Según los padres, las chicas “se han adaptado” a la nueva rutina, que incluye, por ahora, estudiar en Villa Gesell, a 15 minutos de automóvil, y en el futuro seguir alguna carrera universitaria en Mar del Plata. Patricia trabajó 18 años como maestra jardinera en escuelas dependientes del Gobierno de la Ciudad de Buenos Aires. Primero pidió dos años de licencia, sin goce de sueldo, y ahora está aclimatada a su nueva actividad en el estudio de arquitectura de su marido.

“Es cierto que acá no tenés los bares, los cines, los teatros y la actividad cultural que hay en Buenos Aires, pero también es cierto que allá tenés todo eso, pero no tenés tiempo para disfrutarlo, porque las distancias que recorrés a diario son enormes y no te queda tiempo para nada. Acá y en Gesell, durante el invierno, hay talleres en la Casa de la Cultura que los podés aprovechar porque todo está cerca.” Patricia agrega una ventaja que para ella es fundamental: “Es imposible medir lo que ganás en salud”. La diferencia entre vivir clavados en el cemento o disfrutar una vida de duendes en medio de un bosque de 50 años, con calles de arena y tierra, sin publicidad, luces de neón ni accidentes de tránsito.

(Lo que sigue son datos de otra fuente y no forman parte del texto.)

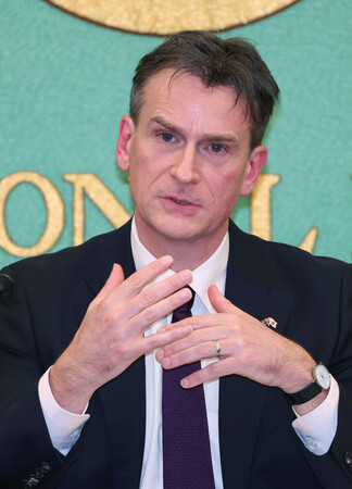 〔写真説明〕日本記者クラブで記者会見するオーストラリアのヘイハースト駐日大使=8日、東京都千代田区
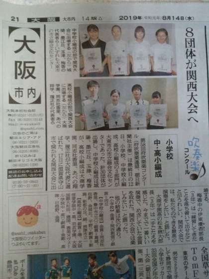本日、8月14日の朝日新聞朝刊に先日開催された第58回大阪府吹奏楽コンクールの記事が掲載されていました。中学校小編成の部で金賞をいただき、その中の4校が関西大会への出場となりました。17日に滋賀県守山市で開催されるコンクールでは、最高のパフォーマンスを期待します。関西大会出場おめでとう。やったね、梅中吹奏楽部の仲間たち。

El invierno, las lluvias, el eventual aislamiento de una ciudad que está a sólo tres kilómetros de Gesell tampoco los asusta. “El primer año es el más difícil, aunque para nosotros fue menos porque estuvimos viviendo un tiempo en Gesell, mientras levantábamos la casa. Acá, si llueve mucho, la ruta a la villa se cierra y se paraliza todo, pero no hay problema. Una vez que ya pasaste el primer invierno, ya te acostumbrás.” Los Schifano llevan “veinte años de casados y siete y medio de novios”. Ahora sueñan con envejecer juntos en la placidez de Mar de las Pampas.

Pedro Lanteri empezó a trabajar en Mar de las Pampas en 1980, un año después de relacionarse con la Asociación Madres de Plaza de Mayo. Amigo personal de Hebe de Bonafini y de muchas de las madres, fue presentador oficial en todos los actos, recitales y conferencias por décadas. Fue uno de los animadores en la última Marcha de la Resistencia, el 25 de enero pasado. Lanteri, luego de vivir de las clases de teatro y del periodismo radial, se vinculó con una inmobiliaria y desde 1980 comenzó a vender terrenos en Mar de las Pampas. Desde hace cuatro años vive acá.

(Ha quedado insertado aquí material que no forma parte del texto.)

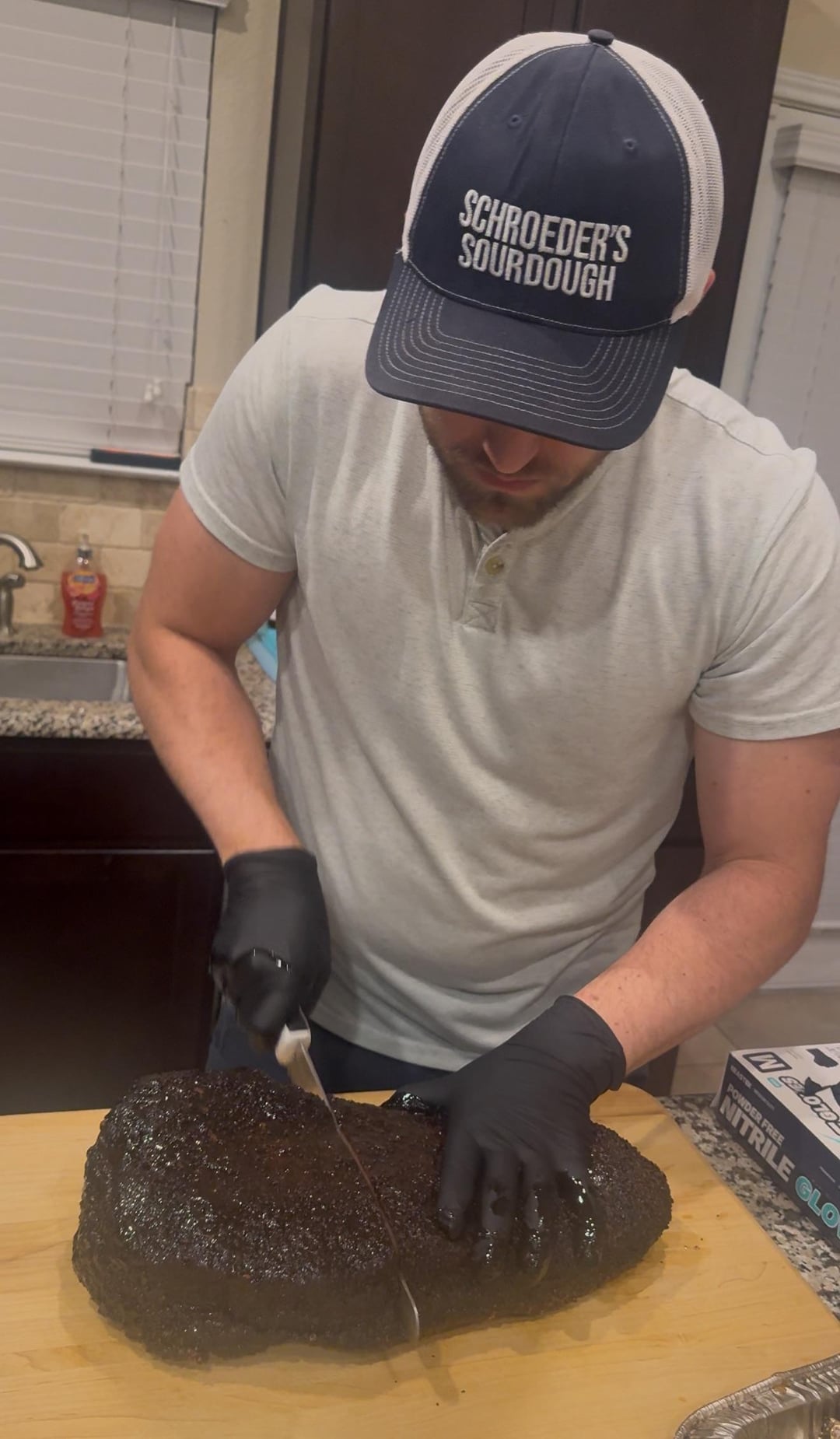 NoContract4730 3 weeks ago I thought your hat said Schrodingers sourdough. That would be an unreliable bakery. Brisket looks lovely.

Lanteri llegó de la mano de su ex cuñado, el ingeniero Jorge Vázquez, que estaba desde 1976. “Yo fui el primer martillero de Mar de las Pampas. Vinimos a vender terrenos y pasábamos todas las temporadas. Desde el 2001 estoy viviendo acá, aunque viajo seguido a Buenos Aires, porque allá siguen viviendo mi esposa, Cristina, con la que estoy casado desde hace 20 años y mi hijo Lucas, que está terminando de estudiar. Ellos viajan seguido para acá y la idea es que nos vengamos todos.” Lanteri admite que “al principio fue duro, sobre todo en invierno, porque el frío te cala los huesos”.

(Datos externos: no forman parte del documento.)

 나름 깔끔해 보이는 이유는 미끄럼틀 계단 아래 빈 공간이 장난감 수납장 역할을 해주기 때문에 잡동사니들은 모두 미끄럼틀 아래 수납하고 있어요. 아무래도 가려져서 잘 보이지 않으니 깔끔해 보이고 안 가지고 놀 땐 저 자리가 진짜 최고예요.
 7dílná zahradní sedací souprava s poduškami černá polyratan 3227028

“Acá es mucho más posible la solidaridad y también la vida cultural. Los que estamos acá, unas 600 personas que conforman unas 200 familias, nos vinimos porque estábamos cansados de Buenos Aires. Fundamos la ciudad y sus instituciones, la Sociedad de Fomento y la Asociación de Emprendedores Turísticos. Muchos somos de Buenos Aires o de La Plata y lo que vemos es que cada vez viene gente más tranquila, que no quiere lo fashion sino el contacto con la naturaleza.” Este año llegaron unos 3500 turistas por quincena que ocuparon los 84 complejos turísticos, uno de los cuales, Avalon, es propiedad de Lanteri.

“Nosotros fundamos un club en cuyo estatuto se reivindica, expresamente, el arte del boludeo.” Mientras se ríe, comenta que él es uno de los responsables de “un coro bizarro formado por gente que no sabe cantar y que son propietarios de los complejos turísticos o laburantes de la construcción”. Se rectifica a sí mismo y dice que es “la directora del coro, porque me disfrazo de gorda y los dirijo mientras cantan mal, malas canciones de Palito Ortega, de Pimpinela. Somos 14 personas que disfrutamos de hacer cosas que jamás podríamos hacer en Buenos Aires. Y también generamos cosas serias, como el primer encuentro de escritores locales. Hasta editamos un libro. También estuvimos siete días con artistas plásticos, al frente de un espacio cultural que en Buenos Aires es difícil de obtener”.